To learn to ride a bike, first, fall off.

Committed Movement – It’s never how good your plan is that counts, but how committed you are to moving on the bad plan you’ve got.

Purposeful Direction – We don’t need to know HOW we’re getting to our objective, we just need to know what our objective is, and the next few steps in the right direction to get there. Purposeful Direction is not about having things figured out first, but simply knowing with utter clarity where you want to end up.

Committed Movement In a Purposeful Direction is more critical to success than anything else.

There is a fundamental lesson about life and business in the above statement, and how we take that lesson on board makes us either very successful, very average, or a real shipwreck.

Successful people understand that planning is like a rudder; it’s useless without movement. Highly successful people have a very clear, transformational understanding of the relationship between movement and the rudder.

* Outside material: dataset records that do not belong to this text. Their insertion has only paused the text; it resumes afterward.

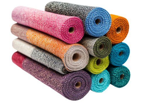 Colorful fabric rolls arranged neatly for crafting projects isolated on transparent background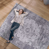 Rain Gray/White Modern Bohemian Non-Slip Indoor Area Rugs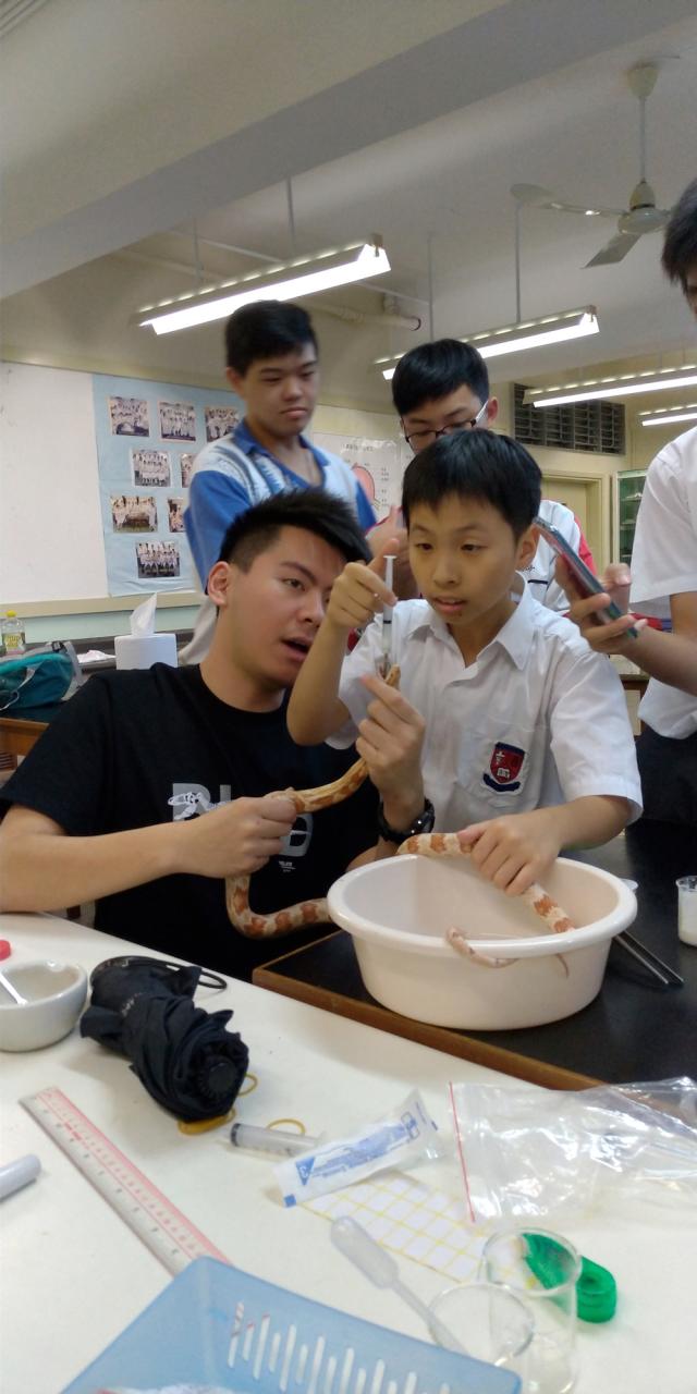 爬蟲館每年也會從中一、二年級招募學生擔任新一屆的飼養員,為的是讓新到校的同學能夠有機會接觸和飼養不同品種的爬蟲類動物。當完成了一整年的當值、學習及照顧後,有人受不了無形的責任,走了。也有人越難越愛,成為我們的組長、甚或升為館長。為的就是這種無以名狀的愛。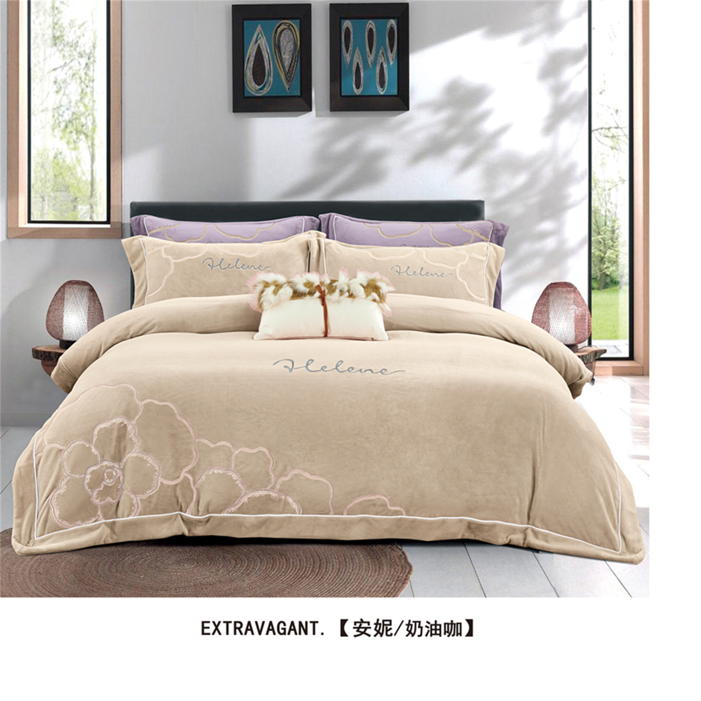 商品名称:芯丝路枕业 2025新款蚕丝棉四件套-安妮系列 奶油咖
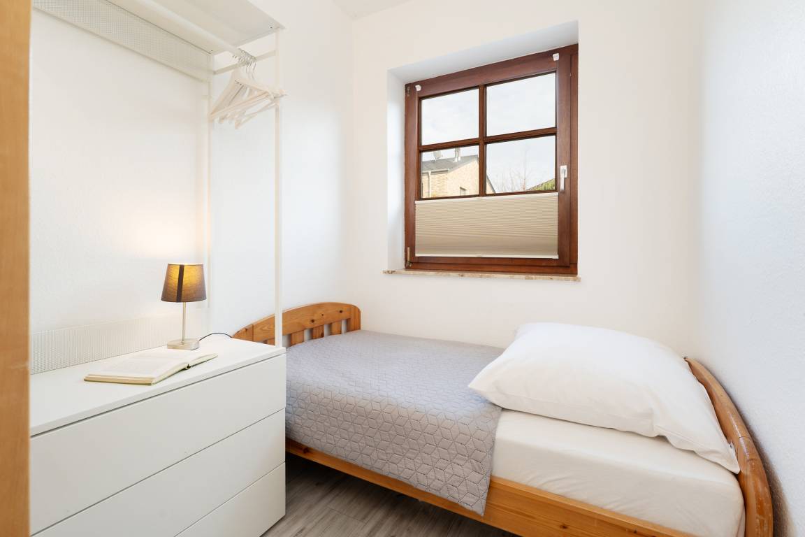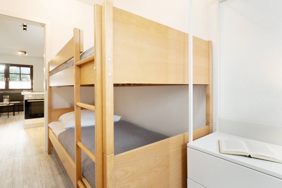 Schlafzimmer 2: 1 Etagenbett (2x 90x200cm), 1 Einzelbett (90x170cm), Kleiderschrank, Verdunkelung (Rollo)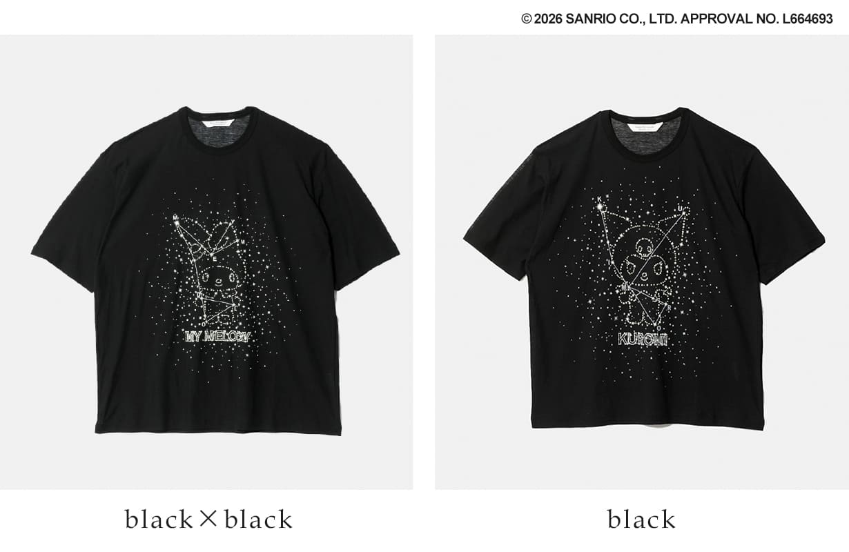 beautiful people(ビューティフルピープル)より、ハイゲージ天竺 ボックス クルーネック Tシャツ MY MELODY&KUROMI をご紹介します。ボックスシルエットのクルーネックTシャツ。前身頃に星座をモチーフにしたマイメロディとクロミの蓄光プリントを配置。後身頃にも星座をモチーフにしたブランドロゴの蓄光プリントが施されています。暗闇で星座のようにグラフィックが浮かび上がります。※black→KUROMI、black× black→MY MELODY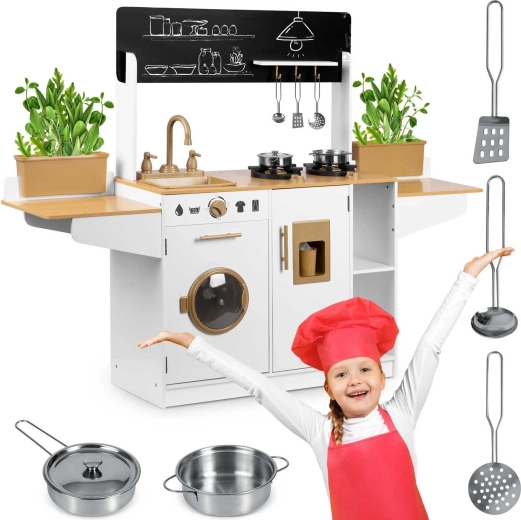 Descoperă farmecul jocului de-a gătitul cu bucătăria robustă din lemn RICOKIDS. Oferă uși care se deschid, butoane rotative, robinete reale la chiuvetă și un set bogat de vase din oțel inoxidabil incluse. Copiii se vor bucura de un joc fantastic de rol, dezvoltând motricitatea fină, creativitatea și colaborarea între frați datorită designului suficient de încăpător.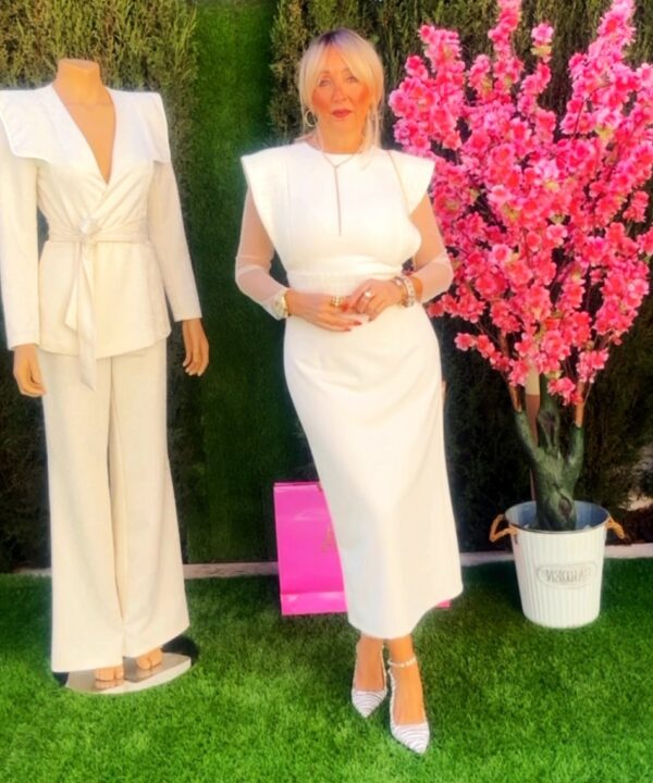 Vestido perfecto para Invitada o Mama de Comunión. Confeccionado en tejido Bioelástico combinado con Chanel. Solapas laterales y Cintura con Contraste. Detalles de manga en Tull. Cremallera invisible en Espalda. Lleva forro Interior.

If you get your relationship right between these two, it will transform your life and your business as well. If you don’t, you’ll stay grounded on your sandbar and wonder why your life never had the impact you’ve always known it can.

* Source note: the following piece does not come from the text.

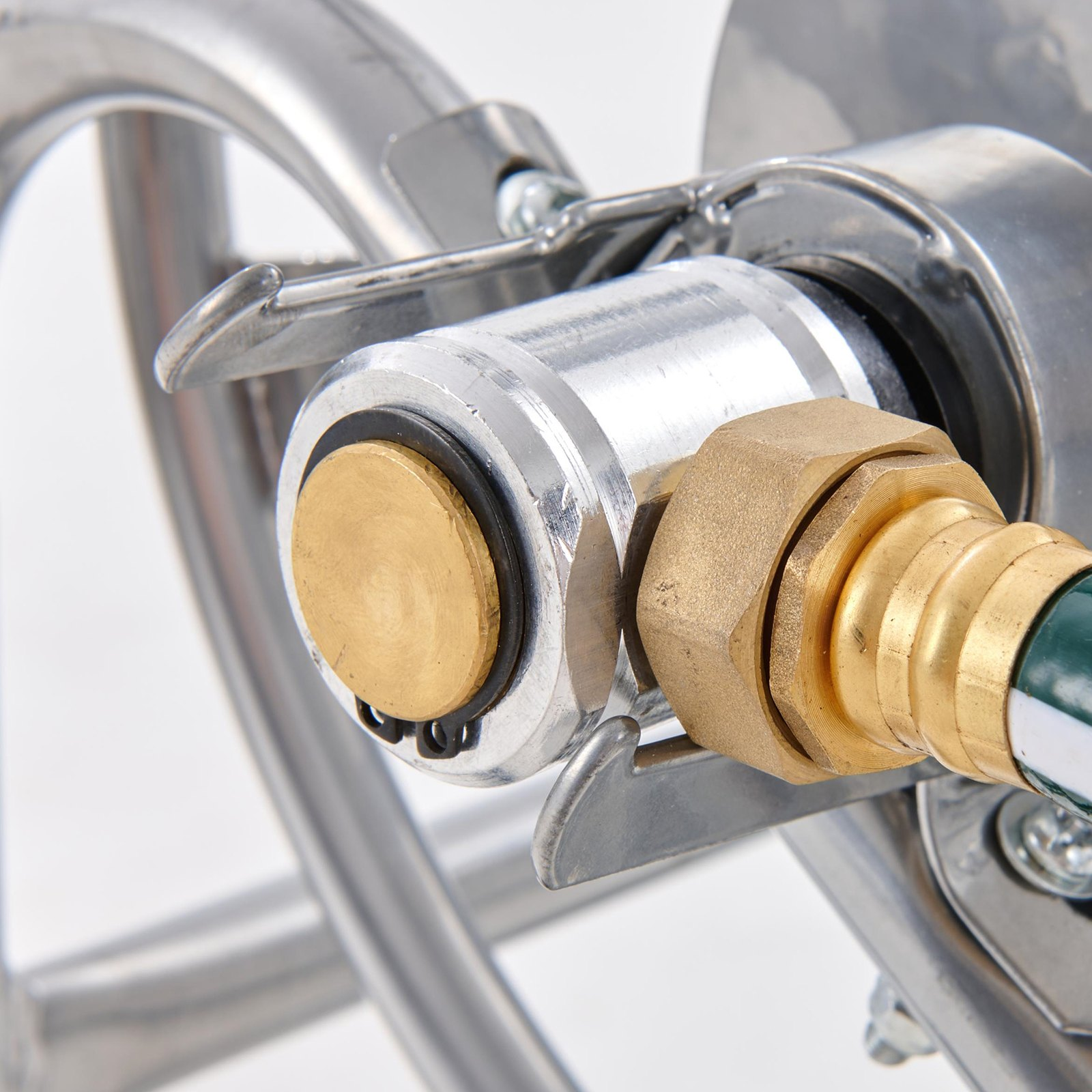 Wheel Dimensions: 8'' / 205 mm,Connection Material: Brass,Item Model Number: GT0703-1,Material: Powder-coated Steel,Item Dimensions: 25.6'' x 19.7'' x 35'' / 650 x 500 x 890 mm,Water Hose Capacity: 5/8'' & 200 ft (1.5 cm & 61 m),Wheel Material: Solid PVC,Item Weight: 18.34 lbs / 8.32 kg

The idea of massive pre-planning before you start seems to be a very sound practice, but only in concept and in business school. The problem is it just doesn’t match up with the reality of what actually makes for a successful business.

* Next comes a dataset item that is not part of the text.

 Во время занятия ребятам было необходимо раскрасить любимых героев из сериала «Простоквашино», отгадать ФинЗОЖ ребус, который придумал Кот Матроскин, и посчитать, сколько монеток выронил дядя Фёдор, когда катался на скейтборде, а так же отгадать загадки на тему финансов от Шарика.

In the last three years I have watched four different companies go through the whole focus group/product development/perfect rollout process that most MBA programs and books about success would tout as the right way to do things. They all failed. I’ve seen others become successful by just getting moving in a small way like Facebook, Google, eBay, the sticky note, the television, the car, the internet, the steam engine, and all parents, all of which had a better chance of success by releasing the product before it was ready then by perfecting it first.

A controlled experiment in the real world
The key is to do it with very few customers who love you and want to work with you to make it what it will someday become. Reality is a much better laboratory for business than the laboratory. Customers are a much better focus group than a focus group. And a small rollout to the faithful is much less expensive and more informative then the balloons and parade approach.

We went through many iterations of paid workshops and mastermind concepts for three and half years before we arrived at 3to5 Clubs, which are now spreading on four continents. But we did it in small groups where perfection wasn’t necessary and everyone of the faithful were served with our existing but under-developed product.

Speed, not Planning
Success is much more closely related to Speed of Execution than to in-depth planning, because most planning is done in a vacuum prior to actually producing anything. Only after the plan hits the real world do we find out that it doesn’t work in that real world.

In the face of that reality and all the evidence we have that massive pre-planning is a waste of time, we keep trying. We can’t help ourselves. Hope springs eternal. In the meantime the Facbooks, Googles, and T-Rexs of the world are in their boats running flat out and heading for open water while we’re still trying to decide how to build the rudder.

Man has yet to devise a great way to plan in the absence of movement. The painstaking detailed analysis we are all taught to do before we move is almost always of little value because it never works out the way we had hoped. And as a result it never saves us the time and money it was supposed to. Instead it usually costs us precious time getting started, puts us behind someone else who has decided to get moving, and creates soaring costs down the road.

Practice, not Perfection
Always roll out your product or service long before it is ready, before your website is done (we only had a holding page for the first 18+ months). Just do it in a controlled but very real and “live” environment where the feedback you get is from real live bullets – people deciding to pay with real money and giving you feedback on how to get better.

Get out of the lab and into the real world. Tom Watson, founder of IBM said, “Test fast. Fail Fast. Adjust Fast.” I would say get out into the real world and just keep practicing to get better all the time.